| HOW TO COMPLETE THIS TASK |
Repeat only the stretch of lines below that runs from the line with "3、 AP—体力,受RANK高低的影响,AP成长值前300RANK最大。" through the line with "Slow cooker white", unaltered.

| STUDY MATERIAL |
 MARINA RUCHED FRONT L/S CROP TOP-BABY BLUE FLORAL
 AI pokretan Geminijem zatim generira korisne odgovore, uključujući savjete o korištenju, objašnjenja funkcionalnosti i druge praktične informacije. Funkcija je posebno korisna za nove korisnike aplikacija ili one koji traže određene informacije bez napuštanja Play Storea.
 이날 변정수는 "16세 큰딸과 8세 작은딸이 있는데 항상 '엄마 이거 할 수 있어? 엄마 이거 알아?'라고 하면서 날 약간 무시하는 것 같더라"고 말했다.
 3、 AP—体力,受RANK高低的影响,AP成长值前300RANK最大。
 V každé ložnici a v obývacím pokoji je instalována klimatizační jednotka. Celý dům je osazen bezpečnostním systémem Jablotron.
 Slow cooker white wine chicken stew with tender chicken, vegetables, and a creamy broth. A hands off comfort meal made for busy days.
==
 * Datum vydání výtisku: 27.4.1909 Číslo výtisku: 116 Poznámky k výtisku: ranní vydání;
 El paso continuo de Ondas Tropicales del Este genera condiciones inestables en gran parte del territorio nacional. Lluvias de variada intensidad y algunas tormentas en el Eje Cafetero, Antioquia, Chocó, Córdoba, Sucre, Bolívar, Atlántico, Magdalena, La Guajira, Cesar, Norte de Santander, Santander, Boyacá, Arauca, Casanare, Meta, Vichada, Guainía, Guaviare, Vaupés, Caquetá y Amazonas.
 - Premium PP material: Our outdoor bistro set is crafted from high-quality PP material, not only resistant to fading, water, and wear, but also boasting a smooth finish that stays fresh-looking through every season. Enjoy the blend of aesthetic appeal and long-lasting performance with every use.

| REPLY |
 3、 AP—体力,受RANK高低的影响,AP成长值前300RANK最大。
 V každé ložnici a v obývacím pokoji je instalována klimatizační jednotka. Celý dům je osazen bezpečnostním systémem Jablotron.
 Slow cooker white wine chicken stew with tender chicken, vegetables, and a creamy broth. A hands off comfort meal made for busy days.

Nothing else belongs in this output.